回文检测效率 [英] Palindrome detection efficiency

查看:123
本文介绍了回文检测效率的处理方法,对大家解决问题具有一定的参考价值,需要的朋友们下面随着小编来一起学习吧!

问题描述

我好奇的靠乔恩Limjap的采访事故并开始寻找有效的方法来做到回文检测。我查了回文高尔夫球的答案,在我看来,在答案是两种算法只,扭转了串并从尾部和头部检查。

I got curious by Jon Limjap's interview mishap and started to look for efficient ways to do palindrome detection. I checked the palindrome golf answers and it seems to me that in the answers are two algorithms only, reversing the string and checking from tail and head.

def palindrome_short(s):
    length = len(s)
    for i in xrange(0,length/2):
        if s[i] != s[(length-1)-i]: return False
    return True

def palindrome_reverse(s):
    return s == s[::-1]

我觉得这些方法都不在巨大的DNA序列精确的回文结构的检测中使用。我四处张望了一下,并没有发现什么超有效的方式,这可能是任何空闲的文章。

I think neither of these methods are used in the detection of exact palindromes in huge DNA sequences. I looked around a bit and didn't find any free article about what an ultra efficient way for this might be.

一个很好的方法可能是并行的第一个版本的分而治之的办法,分配一对字符数组1..N和长度-1-n..length-1给每个线程或处理器。

A good way might be parallelizing the first version in a divide-and-conquer approach, assigning a pair of char arrays 1..n and length-1-n..length-1 to each thread or processor.

什么将是一个更好的办法?

What would be a better way?

你知道有什么?

推荐答案

由于只有一个回文,你将不得不做,在O(N),是的。您可以通过拆分字符串如你所说的得到更多的效率具有多处理器。

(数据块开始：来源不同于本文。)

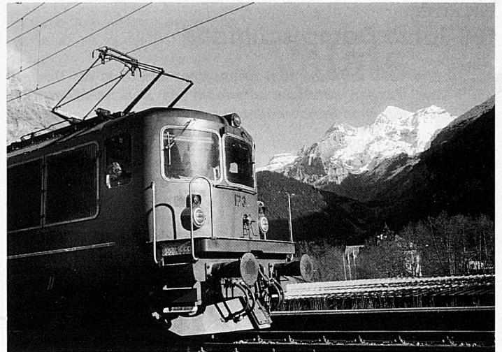
Der ideale Zubringer für Wanderer: die BLS Lötschbergbahn Atteindre les points de départ des randonnées par le Chemin de fer BLS

Une randonnée de Frutigen à Kandersteg via Elsigenalp et le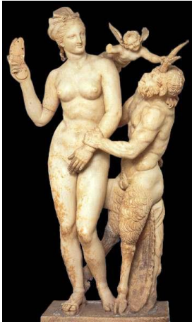
15. Aphrodite, Eros ve Pan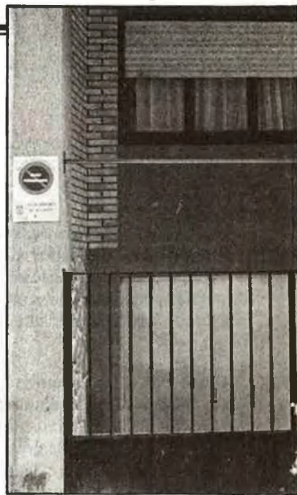
Planta baixa del carrer Espronceda, on s'instal·la la L

ha decidit rememorar davant d'un desconegut periodista l'etapa més decisiva i conflictiva de la seua breu biografia. La d'ell, i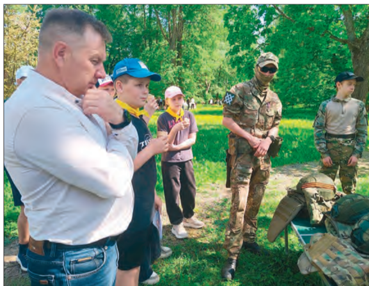
Новая форма фестиваля в виде практических занятий помогает ребятам лучше запомнить правила безопасности

Рота «Боевого братства» продемонстрировала современную военную экипировку и настоящие автоматы. Оружие можно было потрогать, бронезилет и каску — примерить, а потом в 18-килограммовом снаряжении с автоматом в руках сделать пять

Given only one palindrome, you will have to do it in O(N), yes. You can get more efficiency with multi-processors by splitting the string as you said.

现在说你想要做精确的DNA匹配。这些字符串是成千上万个字符,而且他们都非常重复。这使我们有机会进行优化。

Now say you want to do exact DNA matching. These strings are thousands of characters long, and they are very repetitive. This gives us the opportunity to optimize.

假设你拆分1000字符长的串入5对100,100。在code将是这样的:

Say you split a 1000-char long string into 5 pairs of 100,100. The code will look like this:

isPal(w[0:100],w[-100:]) and isPail(w[101:200], w[-200:-100]) ...

等...你第一次做这些比赛,你必须处理它们。但是,你可以添加你做成一个哈希表映射成对布尔所有结果:

etc... The first time you do these matches, you will have to process them. However, you can add all results you've done into a hashtable mapping pairs to booleans:

isPal = {("ATTAGC", "CGATTA"): True, ("ATTGCA", "CAGTAA"): False}

等等...这将花费太多的记忆,虽然。对于对100,100,散列映射将有2 * 4 ^ 100个元素。假设您只存储字符串两个32位的哈希值作为重点,你会需要像10 ^ 55兆,这是荒谬的。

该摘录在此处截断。